How can we be sure that this simplifier systematically simplifies a regular expression. The key is structural induction and the correct implementation of the makeXXX functions. Each makeXXX function is giving the job of making a regular expression equivalent to an XXX of the given components, assuming that those components are in simplified form. That is, we assume that each component is thoroughly simplified, and simply build a new structure that satisfies the given simplification rules.

Following this approach, we can implement the regular expression simplifier using the following makeXXX functions.

First the makeChar function has a single equation, because we have no simplification rules defined in this case.

makeChar c = Ch c

Note that defining the makeChar function does allow us to modify our simplifier to introduce simplification rules for Char later on, if we wish.

Next, the makeSeq function has three equations as follows.

makeSeq Epsilon r = r
makeSeq r Epsilon = r
makeSeq r1 r2 = Seq r1 r2

The first two equations correspond to the two simplification rules we defined for Seq objects. The final equation is the default rule when there is no special simplification that applies for construction of a Seq from a given pair of simplified subobjects.

The makeAlt function follows a similar strategy, but with guarded equations. The first guarded equation corresponds to our defined simplification rule, while the second equation is the default (otherwise) case.

makeAlt r1 r2 
   | r1 == r2      = r1
   | otherwise     = Alt r1 r2

However, what exactly does == mean when applied to REs? We have not defined the equality operator REs, but we can by adding one more deriving declaration to our RE algebraic data definition.

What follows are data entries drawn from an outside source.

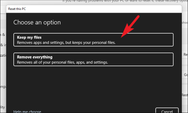 Нажмите, чтобы выбрать предпочтительный вариант на экране «Сбросить этот компьютер».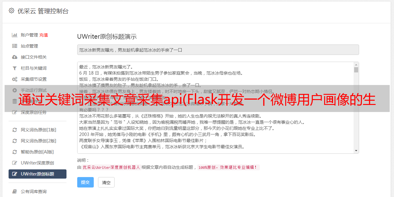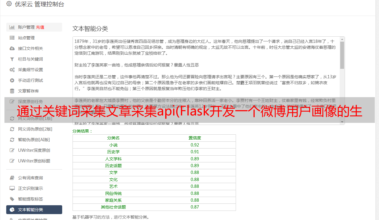 优采云 发布时间: 2021-08-29 09:11通过关键词采集文章采集api(Flask开发一个微博用户画像的*敏*感*词*开发步骤及步骤)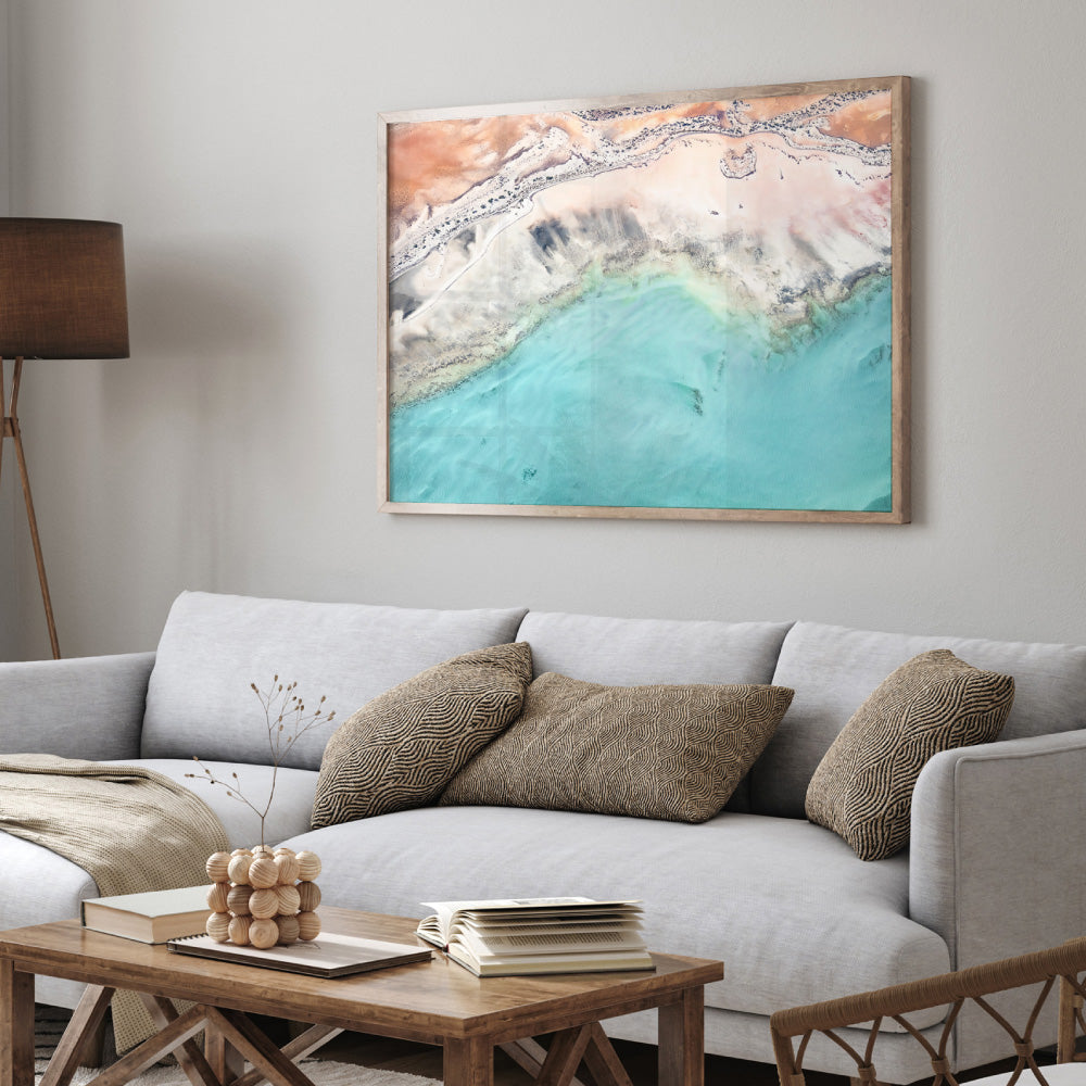 Shark Bay Aerial Beach View III - Art Print, Poster, Stretched Canvas or Framed Wall Art, shown framed in a home interior space

data RE = Epsilon | Ch Char | Seq RE RE | Alt RE RE | Star RE 
          | Group RE deriving (Show, Eq)

This will give us an automatically defined (==) operator which checks for structural equality. (However, it does not implement a more complex notion of the equivalence of two REs, which means that the REs describe the same set of strings.)

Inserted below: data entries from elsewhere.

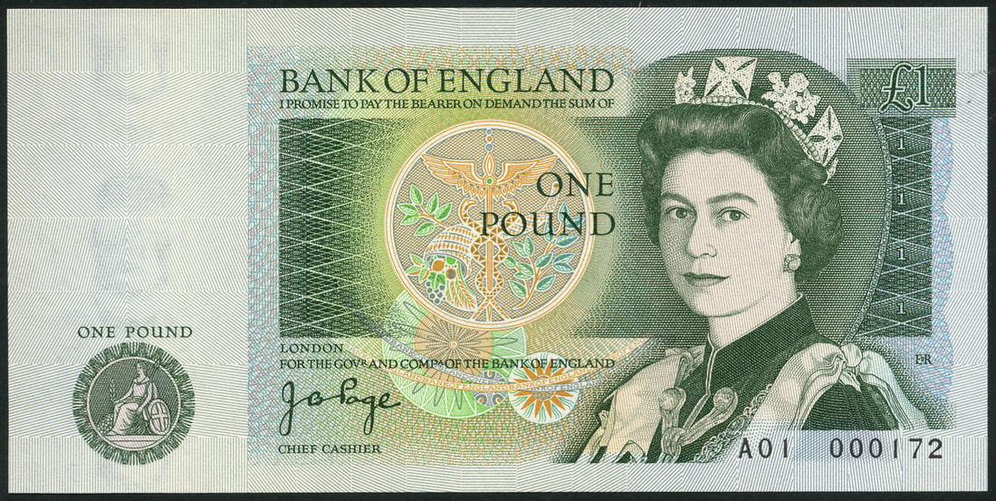 Bank of England, J.B.Page, £1 (2), ND (1978), serial number A01 000171/172, green, Elizabeth II at right, caduceus at centre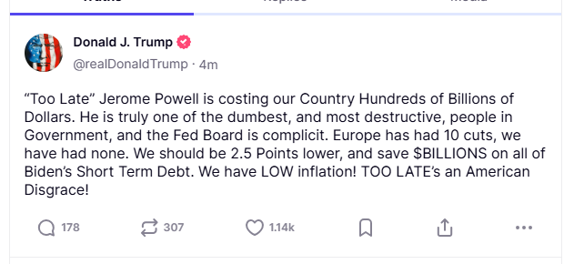 特朗普通过社交媒体平台表示,“太迟先生”鲍威尔(美联储主席)正在让美国损失数千亿美元。他写道:“欧洲已经降息10次了,我们一次也没有。我们应该降低2.5个百分点,这样(前总统)拜登的所有短期债务就能省下数十亿美元。我们的通胀率很低!‘太迟先生’是美国的耻辱!”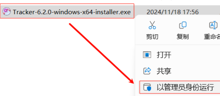 2.选中“Tracker-6.2.0-windows-x64-installer.ex”右键以管理员身份运行

For the Star forms, we again have three equations. The first two correspond to our two simplification rules and the third is the default case when no further simplifications apply.

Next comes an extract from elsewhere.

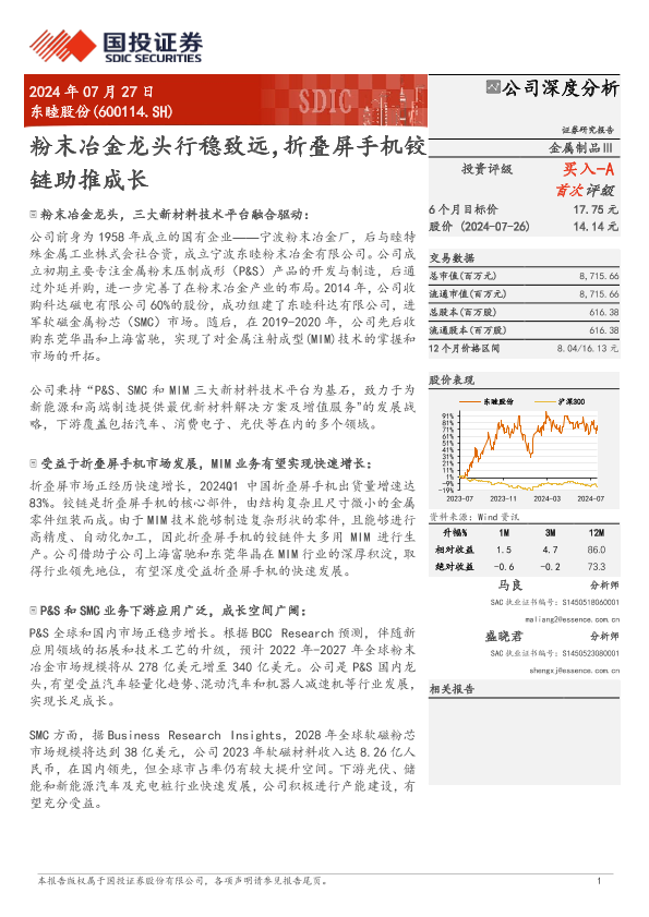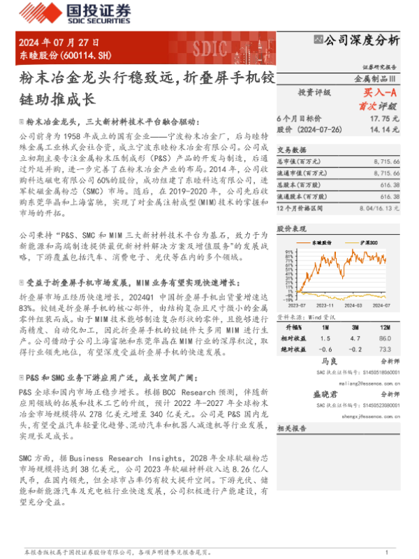 【国投证券】【20240727】东睦股份(600114)粉末冶金龙头行稳致远,折叠屏手机铰链助推成长-22页

makeStar (Star r) = Star r
makeStar (Seq (Star r1) (Star r2)) = makeStar (makeAlt r1 r2)
makeStar r = Star r

An important point here is the use of the makeStar and makeAlt functions on the right hand side of the second equation. If we had simply used Star (Alt r1 r2))), we would have a correct structure, but not necessarily one that is in fully simplified form.

Finally, Group structures can always be simplified out, so a single equation is all that is necessary.

makeGroup r = r

This completes the inside-out simplifier for regular expressions!

Updated Tue Sept. 25 2018, 12:52 by cameron.